So yet another court attendance under the belts of the Kulaksiz 5 and indeed the bank. Let us not forget the bank, they too choose to be present at every appearance and it is eating into their lives just as much as the K5’s lives. Surely they too would like to see an end to it all.

So, yesterday the bank’s advocate questioned the amounts involved in the purchase of the properties at Kulaksiz site.

How is this relevant? The very fact that the Kulaksiz 5 litigants have all been living in the villas must surely go to evidence their right to do so and no builder would have allowed that without having received a substantial part of the purchase price. It is my understanding that the only amounts outstanding are those as per the Contract, and since the site was never finished by the builder, nor were the titles transferred into the owners’ names, there would be a small amount outstanding. Balance that against the penalty clauses for late delivery to the purchasers and it could legitimately argued that the builders owe the purchasers, or if as Mortgage Law 11/78 section 21 implies, the current Contract holders, i.e. the bank, took over that liability when they repossessed the properties, or if you prefer, bought them at auction.

Now again I say, how is the amount paid relevant? If the mortgage document does prove to be invalid, then the mortgage never existed and the the status quo returns. The landowner and builder do owe the bank the money they borrowed but it will no longer be secured against the ex-pats’ properties. There will still be the three villas owned by the landowner, so the bank would be able to look to those villas to recoup their money.

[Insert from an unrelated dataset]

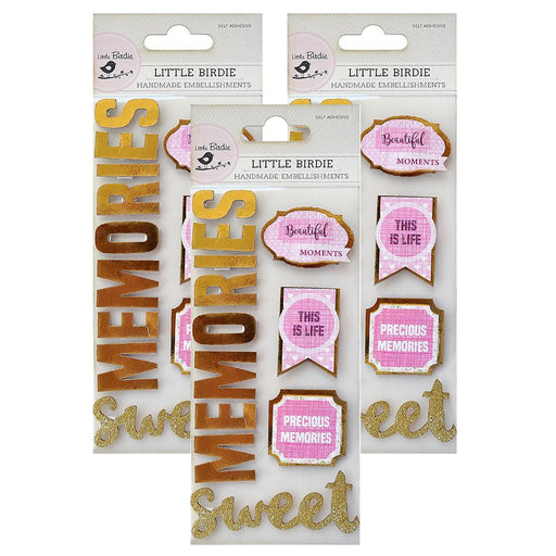 Pack of 3 - Foil and Glitter Sticker Embellishment 12/Pkg-Sweet Memories
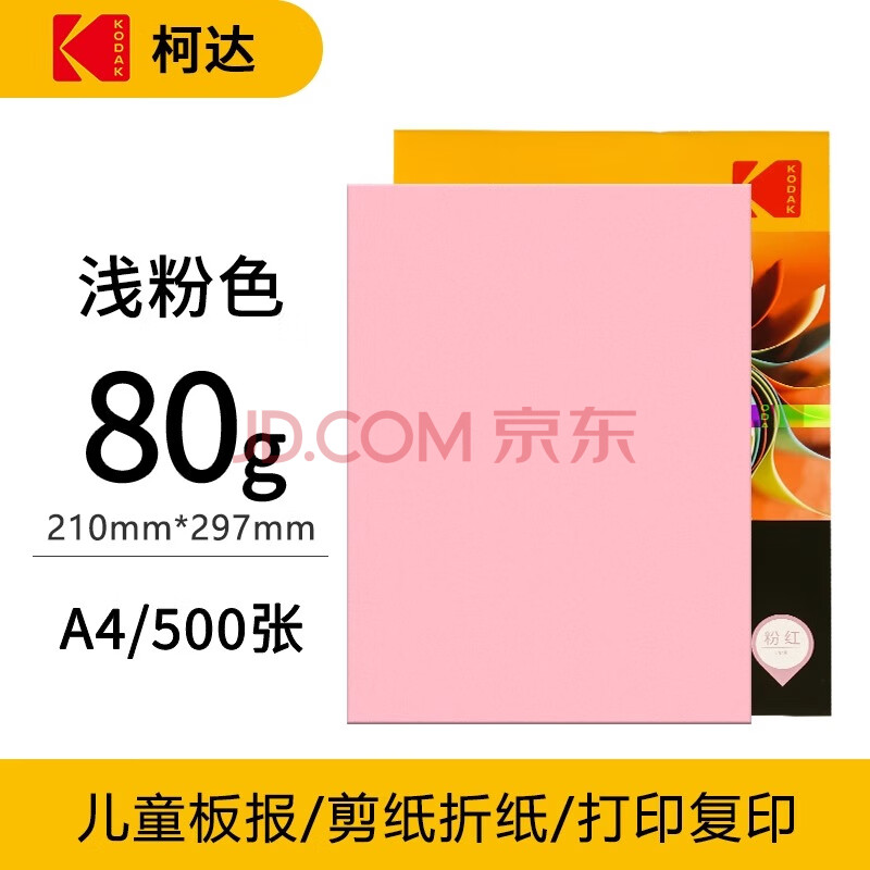 商品相册:KODAK柯达 500张彩色复印纸A4多功能打印纸儿童手工卡纸千纸鹤折纸 80克粉红色9891-233第

Now another interesting scenario reveals itself, if the mortgage was invalid, then surely all action after that date is invalid, including the Breach of Contract action taken by one owner who took that route and only did so because there was a mortgage on her property. She did in fact try to get the title transferred into her name as soon as she was given Permission to Purchase, the existence of the mortgage prohibited this. Now a second possibility reveals itself, if they want to ignore this and the Breach of Contract is still recognised, then the property involved becomes the possession of the purchaser until she receives the court award, at such time the property would then revert back to Kulaksiz and Yilmaz.

It seems inconceivable that if the repossession order is rescinded that any property covered by an illegal mortgage could be excluded, the mortgage document is either legal or illegal. It is as simple as that.